第10話 荒鷲たちの記憶

 だから、休むように命じたユウジも士官居住区の狭いベッドへ横たわって目を閉じる。

 眠気はないが、頭と体を休めるには横たわって目を閉じるのが一番だ。

 その休憩を妨げたのは軽すぎる足音だった。男性用居住区で聞く足音にしては軽い。

 そんなに体重の軽い士官に覚えはない。あり得るとすれば、女性の足音だろうか。

 せっかくの休みだというのに、どうしてこんなにも頭を動かさねばならないのか。忌々しく思いながら目を開けると、寝台の前にエルナが立っていた。

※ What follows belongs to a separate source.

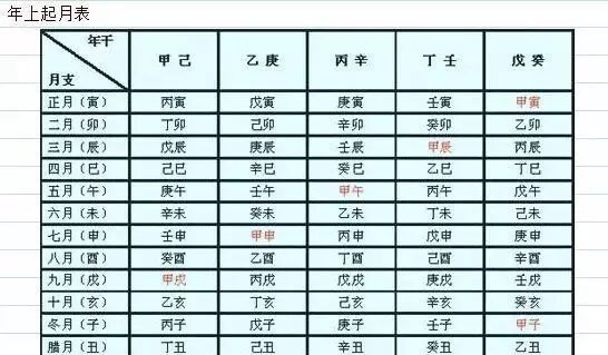2.月柱:依"五虎遁年起月表",由年干、生月对照取之。或参阅万年历书查得干支历。

 いきなりユウジが起きたことに驚いたのだろうか、彼女は目を大きく見開いていた。


「何の用だ」


「隊長から話を聞きたいんです」


 そんなことか、とユウジは寝返りを打つ。それでもエルナに諦めるつもりはないらしく、近くにあった椅子へ腰掛けて、サイドテーブルに2つの紙カップを置く。

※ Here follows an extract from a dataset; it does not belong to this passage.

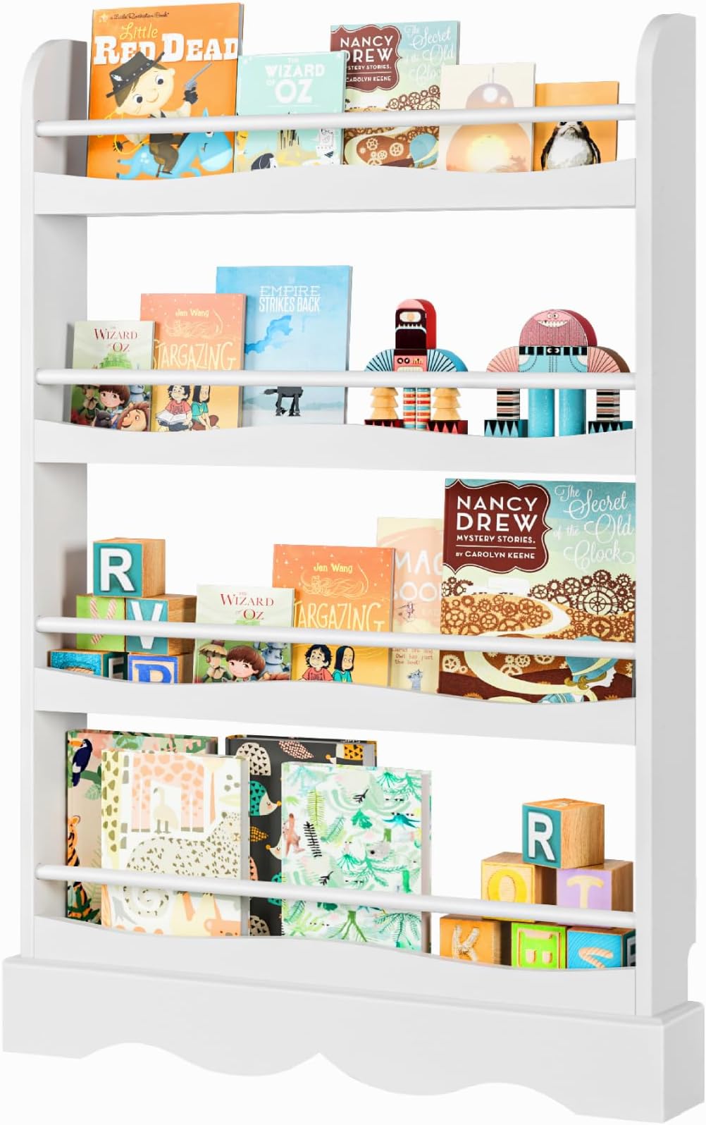 Mama, Papa - aufgeräumt ist doch viel schöner! Dieses süße Bücherregal im Kinderzimmer sieht nicht nur gut aus, sondern bringt auch Ordnung ins Chaos. Mit seinen 4 Etagen bietet es jede Menge Platz für Bilderbücher, Spielzeug und alles, was dein Kind so sammelt. Und das Beste: Die Kleinen kommen super einfach ran und lernen so spielerisch, selbst Ordnung zu halten! Das Regal ist aus 100% massivem Kiefernholz gemacht - stabiler als diese billigen Plastikteile und dabei total natürlich. Die Oberfläche ist handgeschliffen, damit sich dein Kind keine Splitter holt. Und die abgerundeten Ecken sorgen für extra Sicherheit. Mit nur 10cm Tiefe ist es super platzsparend und passt auch in kleinere Ecken. Ob im Kinderzimmer, Spielzimmer oder sogar im Wohnzimmer - dieses Regal macht überall was her! Der Aufbau? Total easy! Alles ist vorgebohrt, die Anleitung ist verständlich und das Werkzeug liegt dabei. Und wenn's mal dreckig wird - einfach mit einem feuchten Tuch abwischen. So bleibt mehr Zeit zum Vorlesen und Spielen! Übrigens: Die offene Bauweise regt die Kreativität an und die kleinen Geländer auf jeder Ebene verhindern, dass was runterfällt. Einfach praktisch!

 その一つはカフェラテで、もう片方は甘い香りのキャラメルマキアート。彼の好物を覚えて、それを手土産に持ってきたのだ。

 それに折れたのか、ユウジはもう一度寝返りを打って起き上がる。ベッドへ腰を掛けながら一口コーヒーを啜ると、重い口を開いて何が聞きたいと問いかけた。


「コンメトと戦ったことがあるんですか?」


「ああ。海峡戦争は覚えてるな?」


 エルナは士官学校の教育を思い出す。5年前、北部島嶼同盟と東部連盟の間で戦争が起きた。

 領海の境にあった無人島で鉱脈が見つかった結果、東部連盟がその領有権を主張して出兵。後に海峡戦争と呼ばれる戦争に発展することとなった。

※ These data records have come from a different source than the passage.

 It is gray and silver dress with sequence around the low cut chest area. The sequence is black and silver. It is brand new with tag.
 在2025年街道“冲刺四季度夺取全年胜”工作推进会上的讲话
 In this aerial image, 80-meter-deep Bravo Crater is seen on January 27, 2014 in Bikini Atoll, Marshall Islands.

 そしてその時、コンメトは軍事顧問の名目で東部連盟へ援軍を派兵した。ユウジがそこでコンメトと戦っていたことは、その先の言葉を待たずとも知ることが出来た。


「強かったんですか?」


「連携がよく取れていた。片方を追ったと思えば、僚機がケツについてくる」


「昨日の敵はそんなことなかったですね」


「だから、少なくとも主力は正規軍の一線級部隊じゃない。トーシャも分かっているはずだ」


 イリンスキー中将が?疑問を漏らしたエルナへ、ユウジは静かに首肯する。


「その時、俺はトーシャの僚機だった」


 それで、エルナは漸く合点がいった。一緒に飛んだ仲で、それも僚機であったならば親しげにしていてもおかしくはない。

 他の人がいる前では体裁を整えてもらいたいとは思うけれども、階級や年齢の差を超えた絆は、どこか羨ましいとさえ思える。


「とはいえ、向こうも色んな奴がいる。油断すんなよ」


「ええ。エースがリオールの方に送られればいいんですけどね」


「骨のある相手が欲しい」


 カップを置いたユウジの目には、輝くものが見えた。未知なる空への期待なんていう、冒険小説のように希望に溢れるようなものではない。

 どこまでも透き通った、空を映したような眼の中に、無邪気な喜びを隠し持っているようにも見える。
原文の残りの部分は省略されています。